Start of DATA SEGMENT
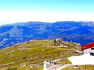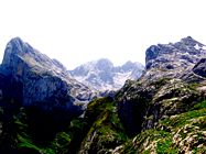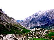 Whilst all this was going on we drove to the Fuente de cable car and were whisked up to 1,800m, where we found three types of vultures, lots of Alpine Choughs (Pic. 15) and plenty of sunshine at last. There are basically two routes upwards from the top station. The first leads towards the Torre de los Horcados Rojas (2503m), which is just doable in a day, if you get the first cable up (Pic. 16). Sadly, this is not until 10:00am and the last one down is at 6:00pm leaving little margin for error. A good thing to do, after all the earlier failures, but still no nearer to Naranja de Bulnes. Next trip up we went the other way (Pic. 17) and over to the Hotel Aliva, accessible by a long walk or a battered hotel minibus. Whatever, it has no business there in the first place. There followed a long, long drag back up hill, on a small path that sometimes wasn’t really there, minor detours round cows, wild ponies, carpets of flowers and crags to get back to the cable car. The big bonus, and completely unexpected, was a distant view of the Naranja (Pic 18 but you might have to zoom in a bit) poking up beyond a col. Success …. Well, sort of.
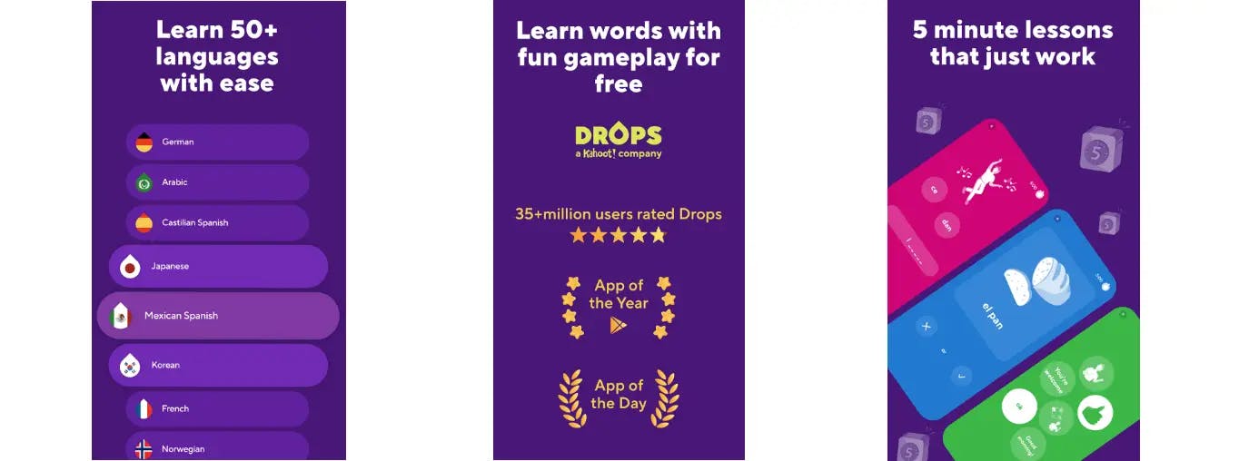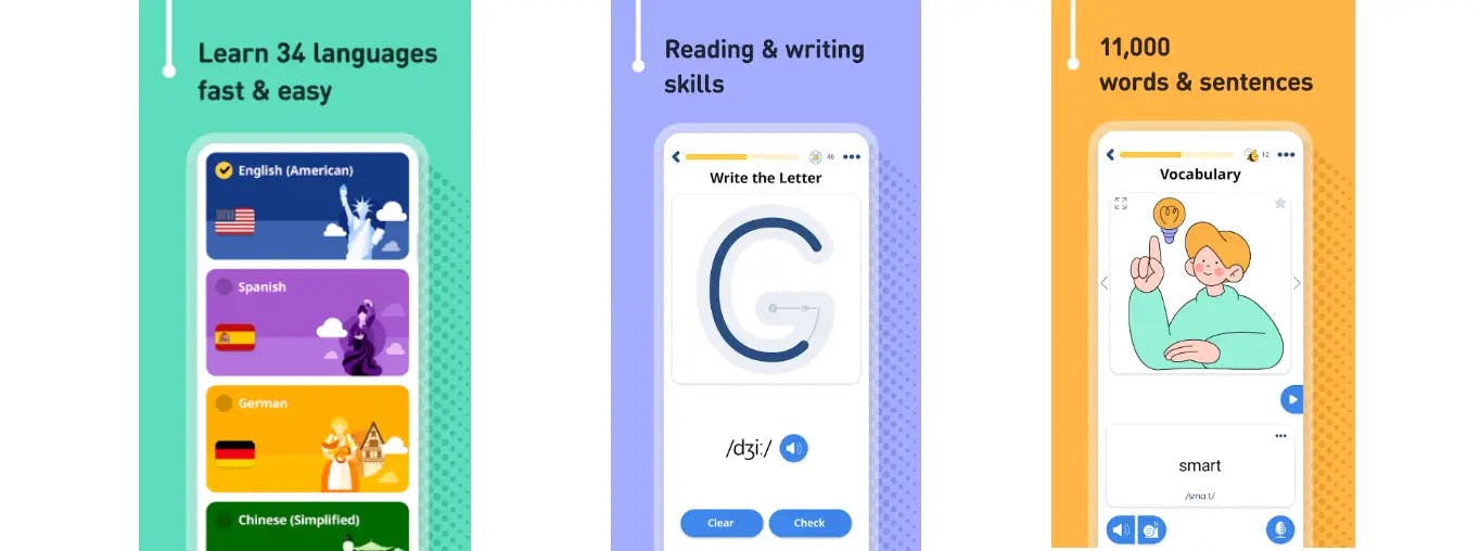 Cette application propose 34 langues, enseignées par le biais de jeux. Elle possède une version gratuite et une version premium. Elle offre plusieurs jeux éducatifs pour améliorer les compétences nécessaires en anglais.
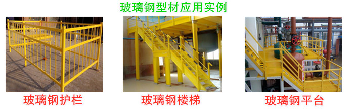 作為型材類產品,一般很少單獨使用。如玻璃鋼方管、圓管、橋架等都是作為配件在工程內使用。比較常見的玻璃鋼型材案例有玻璃鋼護欄玻璃鋼樓梯、玻璃鋼平臺等。
End of DATA SEGMENT
Could you repeat all of the material exactly? Pictures should not be copied.

 Whilst all this was going on we drove to the Fuente de cable car and were whisked up to 1,800m, where we found three types of vultures, lots of Alpine Choughs (Pic. 15) and plenty of sunshine at last. There are basically two routes upwards from the top station. The first leads towards the Torre de los Horcados Rojas (2503m), which is just doable in a day, if you get the first cable up (Pic. 16). Sadly, this is not until 10:00am and the last one down is at 6:00pm leaving little margin for error. A good thing to do, after all the earlier failures, but still no nearer to Naranja de Bulnes. Next trip up we went the other way (Pic. 17) and over to the Hotel Aliva, accessible by a long walk or a battered hotel minibus. Whatever, it has no business there in the first place. There followed a long, long drag back up hill, on a small path that sometimes wasn’t really there, minor detours round cows, wild ponies, carpets of flowers and crags to get back to the cable car. The big bonus, and completely unexpected, was a distant view of the Naranja (Pic 18 but you might have to zoom in a bit) poking up beyond a col. Success …. Well, sort of.
 Cette application propose 34 langues, enseignées par le biais de jeux. Elle possède une version gratuite et une version premium. Elle offre plusieurs jeux éducatifs pour améliorer les compétences nécessaires en anglais.
 作為型材類產品,一般很少單獨使用。如玻璃鋼方管、圓管、橋架等都是作為配件在工程內使用。比較常見的玻璃鋼型材案例有玻璃鋼護欄玻璃鋼樓梯、玻璃鋼平臺等。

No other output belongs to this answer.